Wednesday, September 3, 7:00am - 8:00am
High-Speed Rail Viability in Texas
Stephen Mattingly, Ph.D.
Associate Professor, Civil Engineering
High-speed intercity passenger rail service is not a new concept. It began in Japan in 1964 with the Shinkansen service between Tokyo and Osaka; in less than three years, 100 million people had traveled the route. On the other side of the globe, Britain introduced one route in 1976; France followed with its Tres Grande Vitesse service in 1981, and China in 2004. High-speed rail service is now commonplace throughout Europe, Japan and China. So, what's happening closer to home?
For more than two decades, Texas transportation engineers and business and governmental leaders have envisioned high-speed passenger rail service linking the state's major urban centers -- Dallas-Fort Worth, Houston, San Antonio and Austin -- the so-called Texas Urban Triangle. Recent private activity has brought the possibility of high-speed rail in Texas closer to reality. What benefits, challenges and opportunities are there in creating a European-like system here?

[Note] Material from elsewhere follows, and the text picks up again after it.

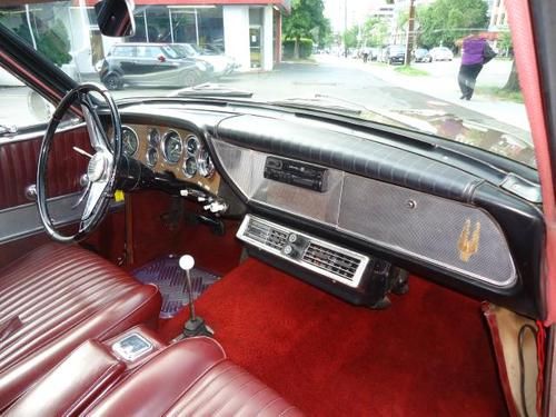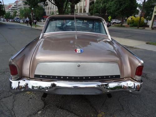 Very nice example of the Classic Gran Turismo Hawk. Local VA. car that has been in private collection for most of its life. Factory 'Avanti powered', one of 396 built in 1963 with the R1 Jet Thrust 289. Engine # is JT1028 and is original for the car. Also has factory 4 speed transmission with posi traction rear end and power steering, power disc brakes. Body is very straight with no rust issues and appears to be original color. Older repaint has held up rather well and car still shows very nicely. Interior is equally nice with the exception of one small tear in drivers seat. Door panles, dash, carpets, headliner, plus rest of interior seats are all excellent. Does have an after market tach and newer stero system but the rest seems very original and correct. All gauges function well and lights, signals work properly. A/C looks to have a newer compreesor and really works well. Engine is very strong with excellent compression and blows no smoke. Gearbox is also real nice with clutch and synchros performing wonderfully. Car is a real pleasure to drive and surprisingly smooth and powerful with nice brakes and superb road feel. Trunk is tidy with some surface rust under mat from sitting but could easliy be cleaned up. Has what looks like the factory spare still, plus jack and several boxes of spare parts. Wheels are in great shape and tires look nearly new. Underneath is solid with no major rust issues anywhere with pictures available upon request. Overall a very soild driver that is ready to enjoy as is or can be taken to the next level with not too much work.

In this presentation, Dr. Mattingly discusses the strengths and challenges facing high-speed rail in Texas by comparing downtown Europe vs. downtown Texas, examining potential routes and ridership, and considering financial possibilities/realities.

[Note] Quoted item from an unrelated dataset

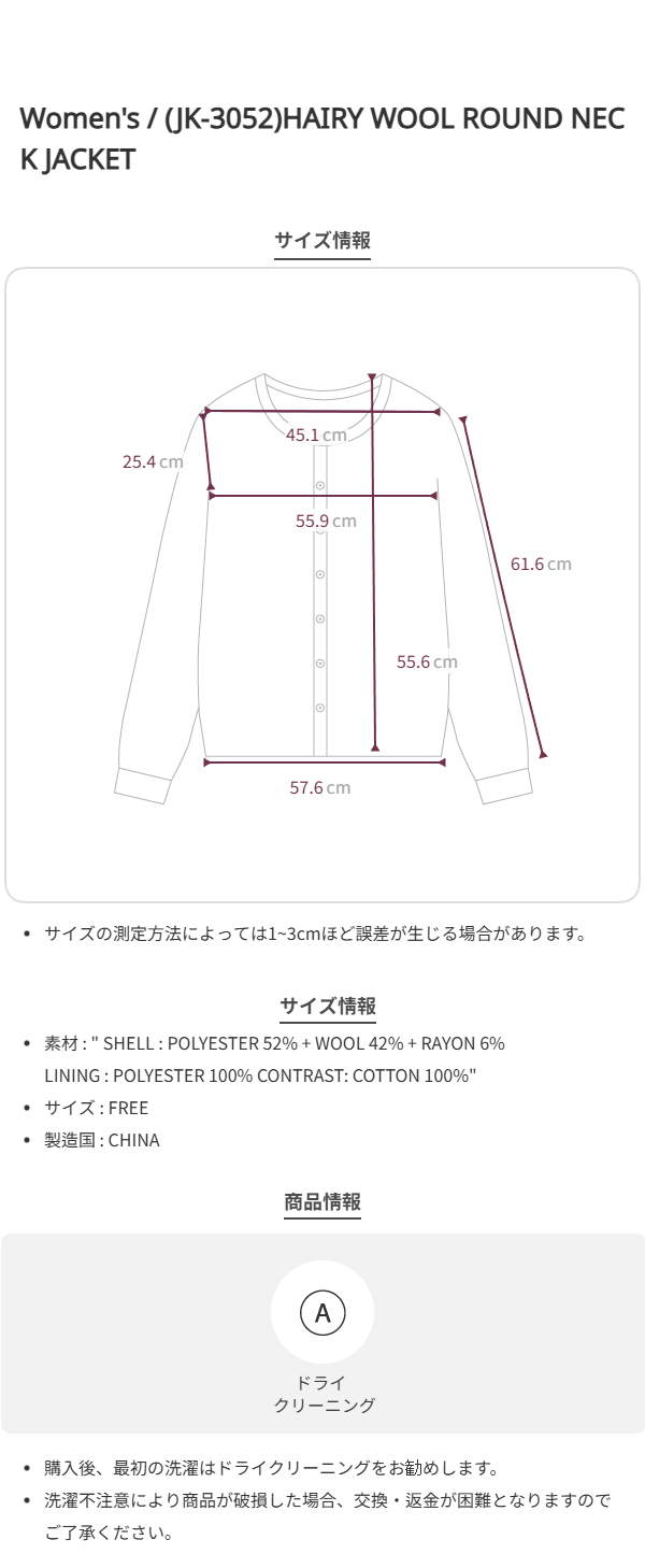 (JK-3052)HAIRY WOOL ROUND NECK JACKET

Stephen Mattingly received a B.S. in civil engineering from Rice University, an M.S. from UT Arlington and a Ph.D. from the University of California, Irvine. His research centers on transportation issues, primarily vehicle emissions, traffic control, urban infrastructure planning and intercity passenger rail service. Dr. Mattingly is the author or co-author of numerous published articles and conference papers.